In this appeal, Appellant claims that these police records are evidence of bad acts or prior criminal conduct which are inadmissible under the circumstances of this case and which further prejudiced him by virtue of being cloaked in the wrappings of a police record. Appellant takes special note of the irrelevancy and prejudice of the evidence regarding Joe Minyon's alleged threat to the life of the Gobel child inspite of the trial court's cautionary instruction which we find adequate under the law.

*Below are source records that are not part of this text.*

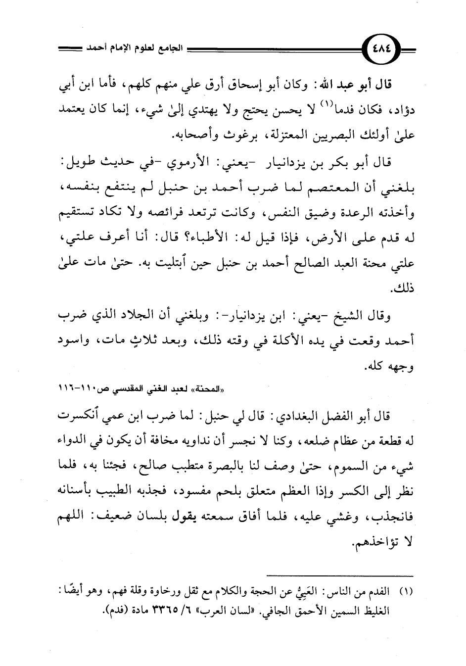 "المحنة" لعبد الغني المقدسي ص 110 - 116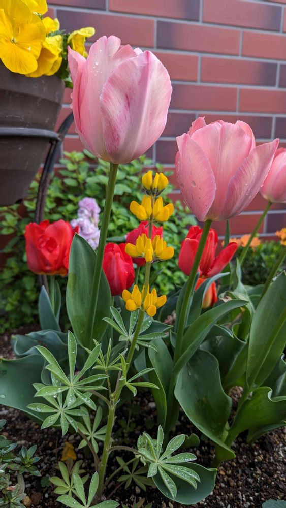 チューリップの間に種から育てたルピナス開花😊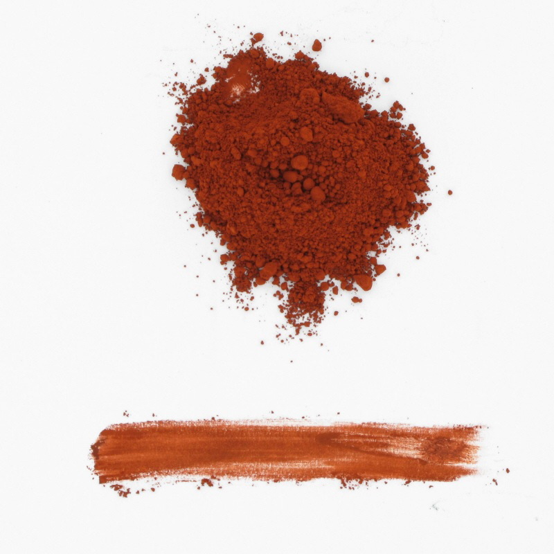 Wordt bereid door natuurlijke siena te gloeien in speciale ovens. Hierbij gaat de gele kleur over naar een mooie, warme rood bruine kleur. Kan overal mee worden gemengd. Is hittebestendig.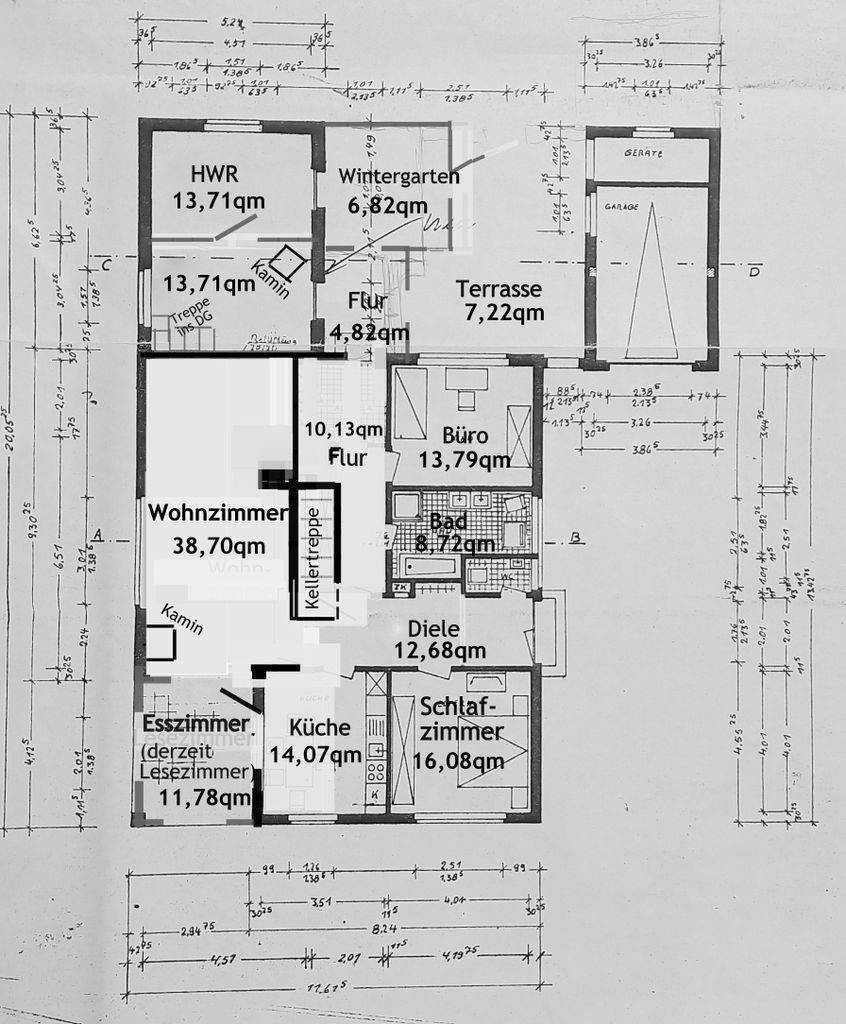 Diese sehr geräumige Immobilie bietet viel Platz für die Familie mit Kindern, wäre aber auch mit wenig Aufwand als Mehrgenerationenhaus nutzbar. Das Dachgeschoss ist bereits ausgebaut, gedämmt und beheizt. Versorgungsrohre für ein weiteres Badezimmer sind im DG schon gelegt.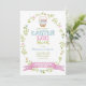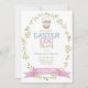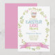 Ostereier Jagd Einladung mit Pastellfarben und hübschen blumenreichen ovalen Kranz und Ostereier Korb.

We reaffirm the fundamental principle that a criminal defendant must not be questioned on cross-examination about prior criminal acts when the purpose is to use such evidence to demonstrate guilt at trial on another charge. Commonwealth v. Brown, 489 Pa. 285, 414 A.2d 70 (1980). Extrinsic offenses which are evidence of other misconduct, nevertheless, may be admissible to negate mistake or accident, to show intent, to demonstrate the defendant's plan, scheme, or system, or to prove identity, provided that one or more of these factors are genuinely in issue and qualify for admission on grounds of relevancy and probative value. Commonwealth v. Green, 488 Pa. 611, 413 A.2d 651 (1980). In this case, we distinguish between the rebuttal evidence regarding the nature of the relationship between the Appellant and the victim after January, 1981, and the evidence pertaining to Joe Minyon's alleged threat to the life of the Gobel child.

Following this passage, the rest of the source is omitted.